→ WHAT NEEDS TO BE DONE
Retype, exactly as they appear below, the lines between the line holding "ぬいぐるみに、なんと!moc" and the line holding "In this example, we'll", both ends included.

→ PROVIDED RECORDS
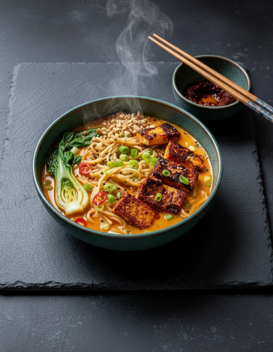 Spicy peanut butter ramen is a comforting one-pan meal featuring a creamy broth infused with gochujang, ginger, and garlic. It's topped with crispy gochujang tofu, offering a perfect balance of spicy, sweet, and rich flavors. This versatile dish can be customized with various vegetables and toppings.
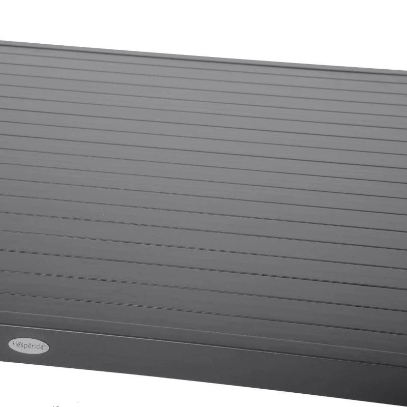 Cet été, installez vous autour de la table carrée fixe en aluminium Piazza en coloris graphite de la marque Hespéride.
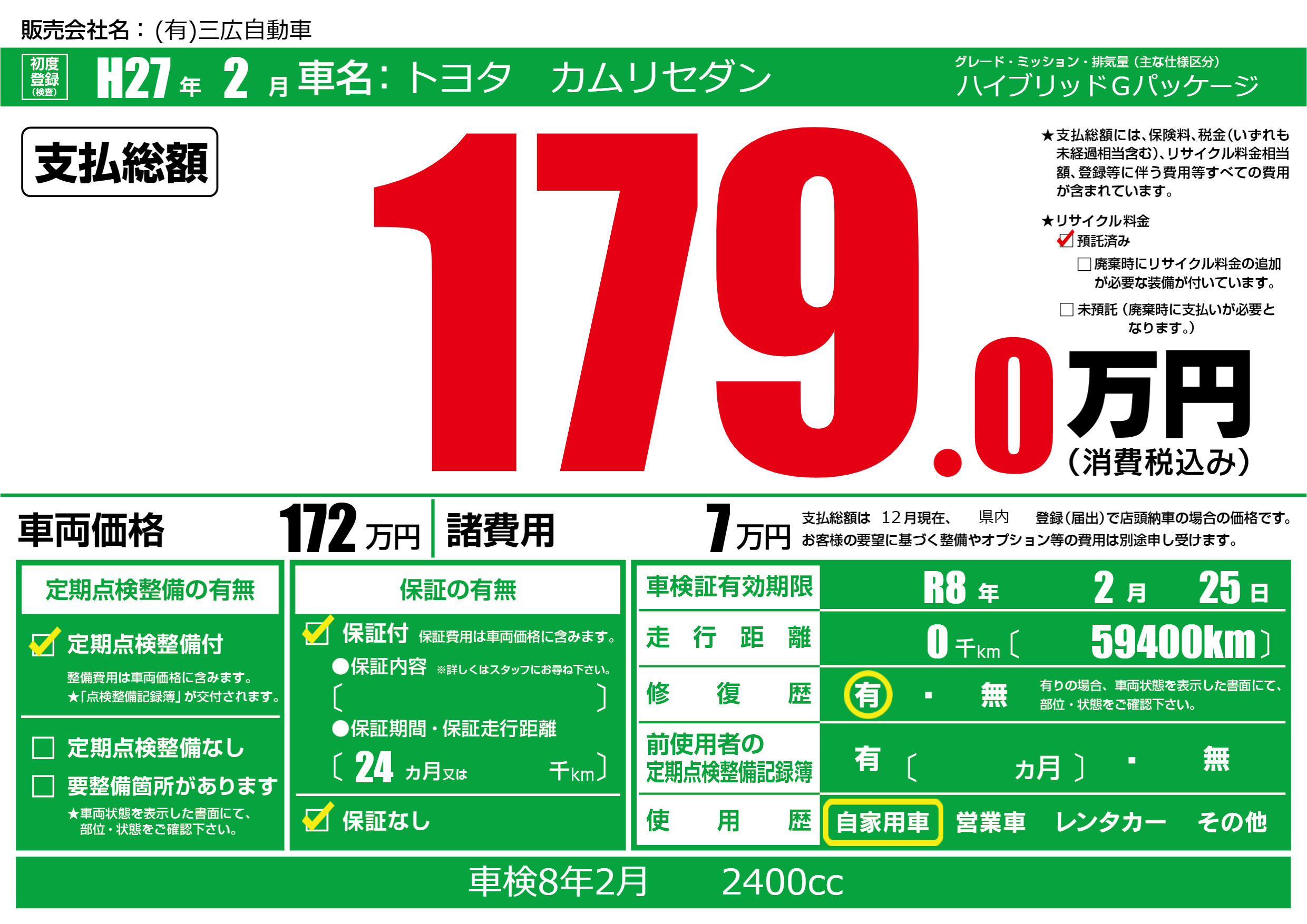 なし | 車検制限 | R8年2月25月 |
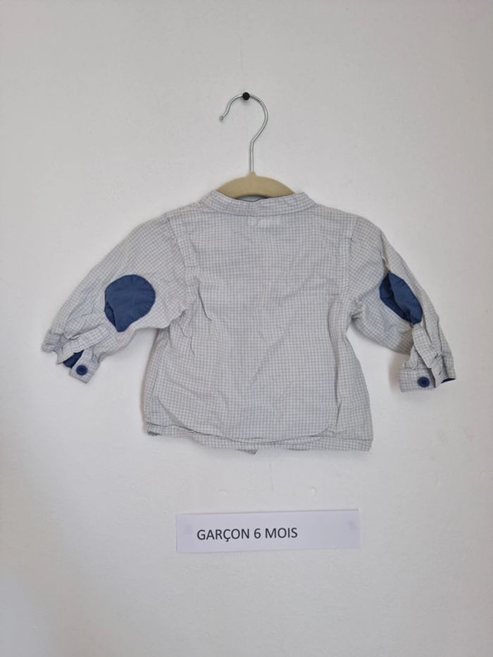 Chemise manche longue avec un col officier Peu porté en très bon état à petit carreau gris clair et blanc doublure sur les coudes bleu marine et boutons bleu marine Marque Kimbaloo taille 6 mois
--
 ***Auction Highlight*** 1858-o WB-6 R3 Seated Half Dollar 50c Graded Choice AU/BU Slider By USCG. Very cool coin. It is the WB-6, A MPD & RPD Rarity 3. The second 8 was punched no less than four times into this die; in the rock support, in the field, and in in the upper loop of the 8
---
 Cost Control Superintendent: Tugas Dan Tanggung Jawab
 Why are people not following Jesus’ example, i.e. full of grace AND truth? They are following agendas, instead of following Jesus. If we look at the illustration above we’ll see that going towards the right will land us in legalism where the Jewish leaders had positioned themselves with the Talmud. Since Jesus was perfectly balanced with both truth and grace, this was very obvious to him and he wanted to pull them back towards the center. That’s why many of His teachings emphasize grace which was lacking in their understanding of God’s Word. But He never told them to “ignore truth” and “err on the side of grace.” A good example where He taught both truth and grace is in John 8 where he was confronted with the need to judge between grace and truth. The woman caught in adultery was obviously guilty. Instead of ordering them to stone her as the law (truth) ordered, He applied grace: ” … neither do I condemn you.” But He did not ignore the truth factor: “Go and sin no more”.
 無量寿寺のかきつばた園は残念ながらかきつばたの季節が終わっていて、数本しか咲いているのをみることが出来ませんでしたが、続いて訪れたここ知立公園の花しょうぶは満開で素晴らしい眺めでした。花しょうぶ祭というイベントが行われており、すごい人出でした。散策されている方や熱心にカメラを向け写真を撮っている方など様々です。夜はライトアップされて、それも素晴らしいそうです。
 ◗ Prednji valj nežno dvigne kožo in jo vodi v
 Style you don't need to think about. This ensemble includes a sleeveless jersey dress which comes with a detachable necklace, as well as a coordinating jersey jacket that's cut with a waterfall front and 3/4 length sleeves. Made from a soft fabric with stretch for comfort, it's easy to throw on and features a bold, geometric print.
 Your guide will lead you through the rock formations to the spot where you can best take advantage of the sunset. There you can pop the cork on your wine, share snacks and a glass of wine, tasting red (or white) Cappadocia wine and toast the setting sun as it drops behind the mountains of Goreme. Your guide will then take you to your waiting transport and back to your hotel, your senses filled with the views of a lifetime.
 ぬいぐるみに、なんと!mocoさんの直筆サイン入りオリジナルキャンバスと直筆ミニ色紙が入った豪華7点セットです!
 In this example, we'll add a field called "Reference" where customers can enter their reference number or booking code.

→ RESPONSE AREA
 ぬいぐるみに、なんと!mocoさんの直筆サイン入りオリジナルキャンバスと直筆ミニ色紙が入った豪華7点セットです!
 In this example, we'll add a field called "Reference" where customers can enter their reference number or booking code.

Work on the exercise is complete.